Because that less than 2% are mostly comprised of the women who are most vulnerable: unaware of their pregnancy, due to suspected menopause, faulty contraception or being so young their cycle is unsettled or hasn't properly begun. Or they are the ones most likely to be mentally ill or disadvantaged, so not realising/understanding/denying their pregnancy until the later stages. Or traumatised by rape or domestic abuse.

Contrary to hopeful media coverage, advances in technology have not significantly increased the survival chances of premature births under 24 weeks... Look it up - the nationwide EPICURE survey.

Unless you are wholly opposed to abortion under any circumstances, in which case you're not really my ideal audience, haha, the 20/24 weeks change is futile and will only affect those in desperate straits. Please lobby your MP to prevent this change.

3 comments:

Anonymous said...

Interesting comment - I do get annoyed with how extreme the views of each side in the debate can get, and I wish they'd all calm down a bit.

My own view is that abortion is almost always a horrible experience for the woman concerned, and in an ideal world there would be much less of it, but the genie has been let out of the bottle, and banning it would not solve anything at all. Therefore the 20 week thing is a bad compromise, that ultimately, by the looks of things, won't do much at all.
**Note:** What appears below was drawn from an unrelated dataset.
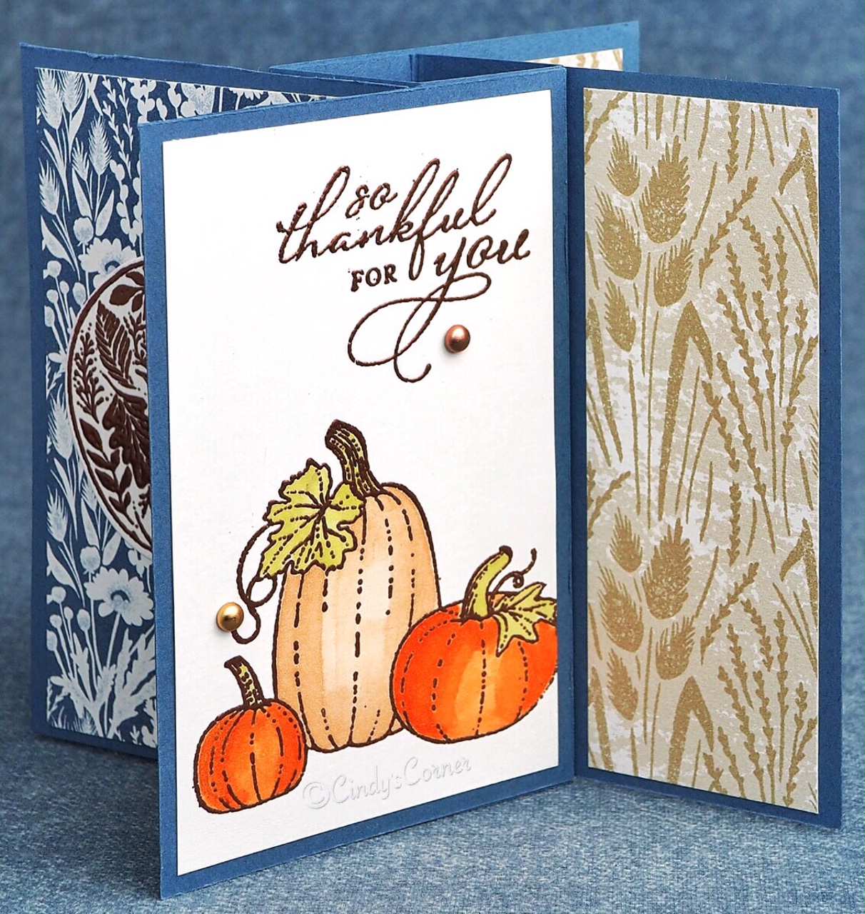 I love a fun fold card and I have a personal mission to ensure I used my decorative paper in my card making. Today’s card meets both of those plus I have a lovely thanksgiving card as a result, plus it will fit into a standard 5 3/4 x 4 3/8 envelope for easy posting!

I'd like to see the number of abortions reduced by better sex education (none of this abstinence faith-based crap, thanks very much) and better support for pregnant women in difficult circumstances. The two put together could really help. But...ultimately, you can't legislate morality, and changing the law won't make horribly difficult decisions and problems magically vanish.

Sensible debate is needed, as ever.

Mephitis said...

I think the European model of a scarily frank approach to the subject is quite successful in reducing unwanted pregnancies.

But there are always failures and varying circumstances so I see the right to choose as a necessity.

Up until the point we can teleport the embryo into an adoptive womb :D.

Mephitis said...

And even that wouldn't be unproblematic. Hmm.